Pas le budget Ford, mais bien le budget Fedeli

La semaine dernière, le gouvernement Ford a présenté son premier budget. La plupart des analystes s’attendaient à un budget beaucoup plus austère, un budget façonné à la tronçonneuse afin de réduire le déficit provincial. Mais, surprise, on parle plutôt d’un budget rédigé au scalpel. Ce que les analystes n’avaient pas vu venir, c’est le ministre des Finances et député de North Bay, Vic Fedeli.

Les supposés experts en politique et en finances auraient dû se souvenir que Vic Fedeli est devenu millionnaire en créant une compagnie de relations publiques et de markéting. Son premier budget démontre qu’il est très bien capable d’appliquer ces concepts de communications à la politique.

Une photo montrant Doug Ford penchée vers Fedeli dans la législature ontarienne a fait le tour des médias la semaine dernière. Elle illustrait plusieurs articles qui tentaient de prévoir ce que contiendrait le budget. Cette photo est emblématique. Elle montre deux hommes, certains diraient deux conspirateurs, en train de planifier leur coup. J’exagère, bien sûr, mais cette photo démontre bien le contenu et la forme de ce premier budget. On y retrouve la dureté de Ford accouplée au machiavélisme de Fedeli.

Prenons d’abord ce qui est évident. Les conservateurs ne pouvaient pas présenter un budget sans coupures importantes de peur de décevoir leur base de la Ford Nation. On y retrouve donc des réductions de 49 % au budget des affaires autochtones, de 36 % à l’environnement, de 25 % au logement social et, tenez-vous bien vous qui possédez un chalet, de 67 % à la lutte contre les incendies de forêt. Remarquez que les coupures les plus importantes vont droit aux têtes de Turc des adeptes de Ford.

En fait, une grande partie des réductions ne sont pas contenues dans le budget et c’est là qu’on voit le talent de relationniste de Fedeli. Par exemple, en l’éducation, il y a bien une phrase indiquant que le gouvernement réduira les conseils scolaires, mais aucun détail. À l’éducation postsecondaire, on dit que les conservateurs vont changer la méthode de financement en créant dix critères que les institutions devront remplir. Certains parlent de taux de diplomation et d’employabilité, mais, en fait, les dix critères ne sont pas spécifiés. Le gouvernement indique qu’il les expliquera plus tard. On pourrait continuer ainsi en décortiquant les 300 quelques pages du budget et on s’apercevrait rapidement que des détails sont manquants.

L’expression le diable est dans les détails vient à l’esprit.

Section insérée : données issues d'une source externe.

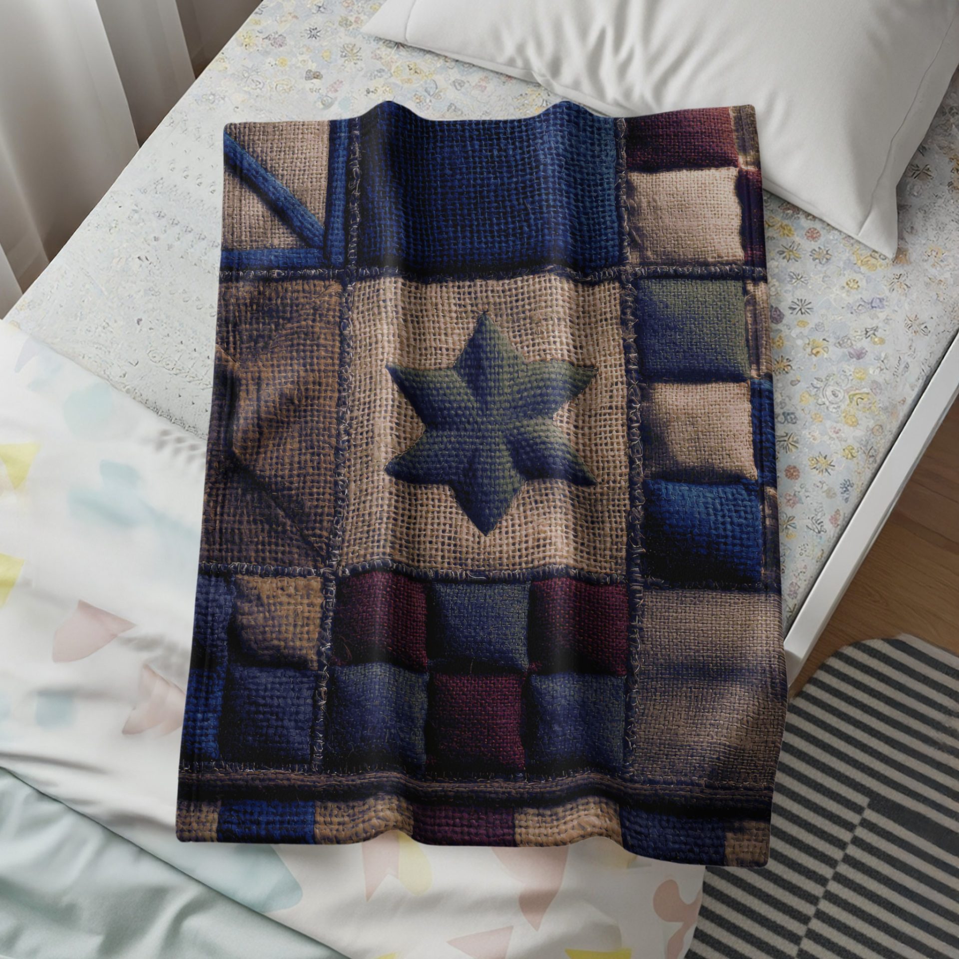 Geometric Patchwork Design Textile Art Star Pattern Blankets

Une autre théorie tout à fait plausible basée sur l’aspect relations publiques de ce budget est ressortie dans les médias la semaine dernière. Plusieurs analystes croient que le gouvernement ontarien n’a pas voulu présenter un budget très austère afin de ne pas nuire aux chances électorales des conservateurs fédéraux en octobre prochain. On explique que plusieurs électeurs ontariens qui n’ont pas voté Ford — rappelons que c’est plus de 60 % des électeurs — auraient été particulièrement outrés par un budget à la Mike Harris qui sabre tout ce qui dépense et qu’ils auraient pu diriger leur colère contre Andrew Sheer et les conservateurs fédéraux. Le génie du tandem Ford-Fedeli aurait donc été de masquer et de reporter à plus tard — après octobre, peut-être — les réductions les plus dures.

On verra bien.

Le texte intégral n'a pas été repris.